# FS: Show Size Koran Angel - $120 OBO



## gklaw (May 31, 2010)

9" Koran Angel with beautiful colouration (tank is 12" across). Healthy and thick.
You will never find one this healthy of in a LFS.


----------



## BaoBeiZhu (Apr 24, 2010)

animal ABUSE!


----------



## gklaw (May 31, 2010)

Well. He is probably happier in there than in a 105g 
You did not see the sail fin in the tank beside.
Fact is. If I did not rescue them 3 weeks ago. There won't be any animal left


----------



## hondas3000 (Apr 22, 2010)

BaoBeiZhu said:


> animal ABUSE!


Hahaha we need to report to mod.  if I have reef tank I would scoop it all up for you


----------



## scott tang (Jan 29, 2012)

beautiful fish he grew up in that tank ?


----------



## gklaw (May 31, 2010)

hondas3000 said:


> Hahaha we need to report to mod.  if I have reef tank I would scoop it all up for you


Scoop them up and you will have an instant show reef


----------



## Pamela (Apr 21, 2010)

BaoBeiZhu said:


> animal ABUSE!





gklaw said:


> Fact is. If I did not rescue them 3 weeks ago. There won't be any animal left





hondas3000 said:


> Hahaha we need to report to mod.





scott tang said:


> beautiful fish he grew up in that tank ?

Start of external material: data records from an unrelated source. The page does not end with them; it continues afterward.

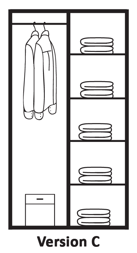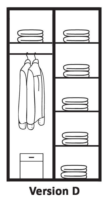 Im Inneren des zweitürigen Kleiderschrankes befinden sich auf der linken Seite eine Kleiderstange und auf der rechten Seite vier schmale Fächer. Solche Komposition ermöglicht eine praktische Plazierung der Kleidung im Kleiderschrank, wo jedes Kleidungsstück seinen Platz findet.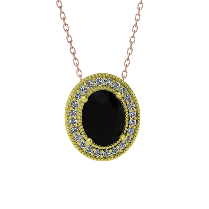 Siyah zirkon ve pırlanta 14 ayar altın kolye (0.264 karat, 40 cm rose altın rolo zincir)
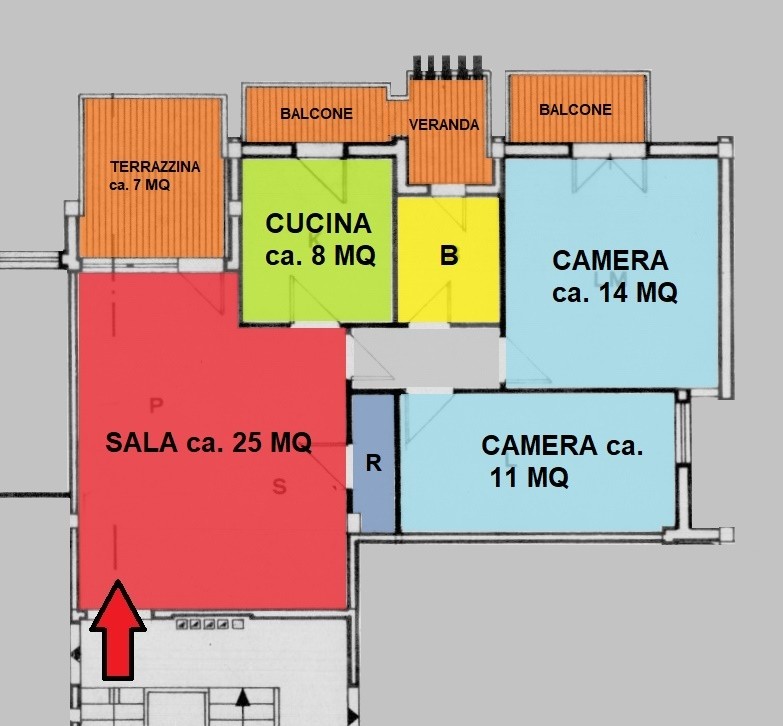 L'immobile è composto da salone, cucina abitabile, due camere da letto, bagno, ripostiglio, terrazzina, veranda, due balconi e posto auto.

Gordon was at my house the same day that he acquired this & several other fish. He bought them in order to rescue them from somebody who could no longer take proper care of them. They have only temporarily been in his tanks.

It's beautiful fish, I hope that it finds a great new home


----------



## BaoBeiZhu (Apr 24, 2010)

Gordon, since its rescued.. we can yenno.. split the profit  what you say hahaha


----------



## gklaw (May 31, 2010)

BaoBeiZhu said:


> Gordon, since its rescued.. we can yenno.. split the profit  what you say hahaha


All proceeds go back to the owner my friend  I think the prices are fair. If I have a bigger tank, they are all keepers. Hard to find fish this thick and colourful. They were well fed, the crash right happened after the previous owner went on a 3 week vacation.


----------



## hondas3000 (Apr 22, 2010)

gklaw said:


> Scoop them up and you will have an instant show reef


They are all nice but now is not a time for me to go into reef yet, still waiting for permit from wife hehehe


----------



## Stonefish (Mar 13, 2013)

I was at Gord's place last night to buy the Picasso and now I want this Angel too. Such a beautiful fish. I second Leslie's post, Gordon is taking the best possible care of these fish


----------



## gklaw (May 31, 2010)

Bump before I have to do a WC


----------



## gklaw (May 31, 2010)

gklaw said:


> 9" Koran Angel with beautiful colouration (tank is 12" across). Healthy and thick.
> You will never find one this healthy of in a LFS.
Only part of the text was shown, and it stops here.